MossVoiceAgent extends livekit.agents.Agent. The @function_tool decorator exposes moss_search to the LLM. The index is pre-loaded at session start so retrieval stays in local memory.
from __future__ import annotations
import json, logging, os
from typing import Annotated
from dotenv import load_dotenv
from livekit.agents import Agent, AgentSession, JobContext, WorkerOptions, cli, function_tool
from livekit.plugins import cartesia, deepgram, openai, silero
from moss import MossClient, QueryOptions

load_dotenv()

VOICE_RULES = """
- Speak in short, natural sentences — this is a phone call, not a chat UI.
- Never read out bullet points, markdown, URLs, or document IDs.
- Never mention searching or databases.
- If you cannot find the answer, say so and offer to help with something else.
"""

class MossVoiceAgent(Agent):
    def __init__(self, moss_client: MossClient, index_name: str, instructions: str):
        super().__init__(instructions=instructions + VOICE_RULES)
        self._moss = moss_client
        self._index_name = index_name

    @function_tool
    async def moss_search(
        self,
        query: Annotated[str, "Concise query capturing what the caller wants to know."],
    ) -> str:
        """Retrieve relevant information to answer the caller's question.
        Call this whenever you need factual context before responding.
        """
        result = await self._moss.query(
            self._index_name, query, QueryOptions(top_k=5, alpha=0.5)
        )
        if not result.docs:
            return "No relevant information found."
        return "\n\n---\n\n".join(doc.text for doc in result.docs)

async def entrypoint(ctx: JobContext) -> None:
    await ctx.connect()

    # Resolve persona from room metadata: {"persona": "customer_support"}
    metadata = json.loads(ctx.room.metadata or "{}")
    persona_id = metadata.get("persona", "customer_support")

    with open("personas.json", encoding="utf-8") as f:
        personas = json.load(f)
    persona = personas.get(persona_id, next(iter(personas.values())))
    moss_client = MossClient(os.environ["MOSS_PROJECT_ID"], os.environ["MOSS_PROJECT_KEY"])
    await moss_client.load_index(persona["index_name"])  # pull into local memory

    agent = MossVoiceAgent(moss_client, persona["index_name"], persona["instructions"])

    session = AgentSession(
        stt=deepgram.STT(model="nova-2"),
        llm=openai.LLM(model="gpt-4.1-mini"),
        tts=cartesia.TTS(),
        vad=silero.VAD.load(),
    )
    await session.start(agent=agent, room=ctx.room)

if __name__ == "__main__":
    cli.run_app(WorkerOptions(entrypoint_fnc=entrypoint))
6

Start the agent and connect

# Development (auto-reloads on file changes)
python agent.py dev

# Production
python agent.py start
Open the LiveKit Agents Playground, enter your LiveKit credentials, and connect.

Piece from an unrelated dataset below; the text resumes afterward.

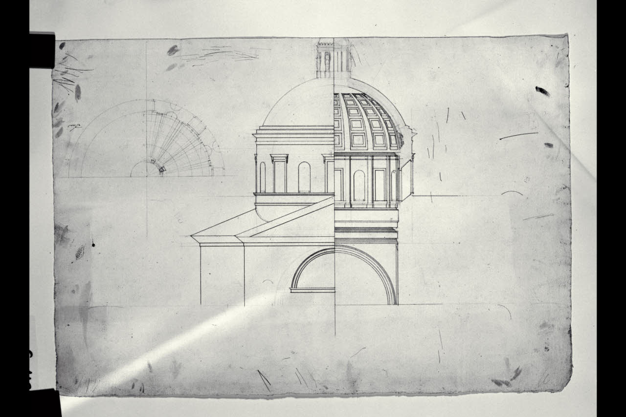 Pianta, prospetto e sezione trasversale della cupola del Duomo di Bergamo. Pianta, prospetto e sezione trasversale della cupola del Duomo di Bergamo

To test a different persona, set the room metadata before connecting:
{"persona": "product_faq"}

Switching personas at call time

The persona is resolved from room metadata at the start of each session. This means you can route different callers to different knowledge bases — support line vs. product FAQ vs. HR helpdesk — from a single running agent process.
Room metadataPersona loadedMoss index searched
{"persona": "customer_support"}Customer supportcustomer_support
{"persona": "product_faq"}Product specialistproduct_faq
{"persona": "hr_policies"}HR assistanthr_policies
Adding a new persona is three steps: add files to a docs folder, run create_index.py, and add a new entry to personas.json. No restart required.